Given safety and performance issues in real environments, and the usually long learning time, needed to identify complex models general enough to be used in the desired range of situations, learning is often done in simulation, with possible issues about how much realistic could be the learning experience in a simulated world that cannot include real people, whose behavior is difficult to simulate. The same issues hold for adversarial learning, where two learning systems learn from each other, again in a simulated environment, the only one where it is possible to perform the needed, very large number of iterations. Also for behaviors, different learning approaches may be beneficial, at least for some aspects and for complex applications.
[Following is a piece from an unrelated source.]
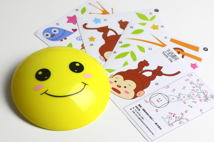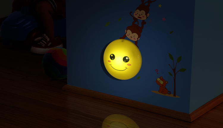 产品创意的把墙贴和小夜灯结合在一起组合成猴子捞月的图样,赋予了小夜灯更多的功效、更多的内涵。光控的人性化设计,解除了您每天想着开、关的烦扰;环保节能LED光源、进口环保原料的搭配环保又节能,功耗每年还不足一度电;温和的灯光,晚上既可以有一定的光亮又不会刺眼而影响休息;备用开关,更是让您开、关随心。搭配墙贴贴在墙上更是增加了空间里的活跃元素,更受孩子的喜爱。
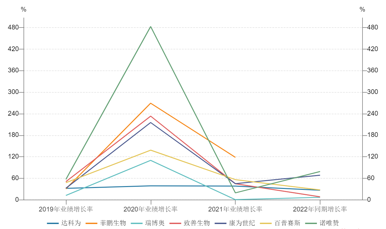 与其他核酸企业相比,瑞博奥主要在2020年出现了较大幅度增长,此后时间里增长幅度明显小于其他企业。

Benchmarking: the “Real” Performance

“Robot benchmarking can be defined as an objective performance evaluation of a robot system/subsystem under controlled, reproducible conditions. [...] A benchmark includes a set of metrics together with a proper interpretation, allowing the evaluation of the performance of the system/subsystem under test according to well-specified objective criteria. In particular, a benchmark can be used to certify properties and functionalities, and therefore takes a key role in demonstrating the worth of specific solutions to prospective adopters, be they companies contemplating the realization of new products, or their clients interested in the purchase of such products” [76].

Benchmarking is becoming relevant also in HRI when an objective evaluation of the performance of the robot would be required to match the market requirements. HRI benchmarking activities are still in their infancy [77,78,79], but their importance will increase as certification processes will be defined for interacting robots, and the real market will require guarantees for value, performance, and safety.

Conclusion

We have presented a concise list of issues concerning communication in HRI. It is evident that communication includes transmission of signals among the communicating agents as explicit, implicit, and involuntary interaction stimuli, in an integrated flow, that has to be considered as a whole.

We have left apart all considerations about physical aspects of the robots—such as shape, dimension, skin material, and weight—which are also important elements that affect communication, but would have required as much space, dedicated to robot design; also, this is knowing a new season, since social robots will face a market of people used at high-quality design.

Despite the great efforts required to make acceptable the communication with a complex device as a robot, considering the different aspects and the inherent limits involved in this activity, the scientific community facing these challenges is growing exponentially, striving to contribute to the definition of objects that could be really considered as companions in our activities.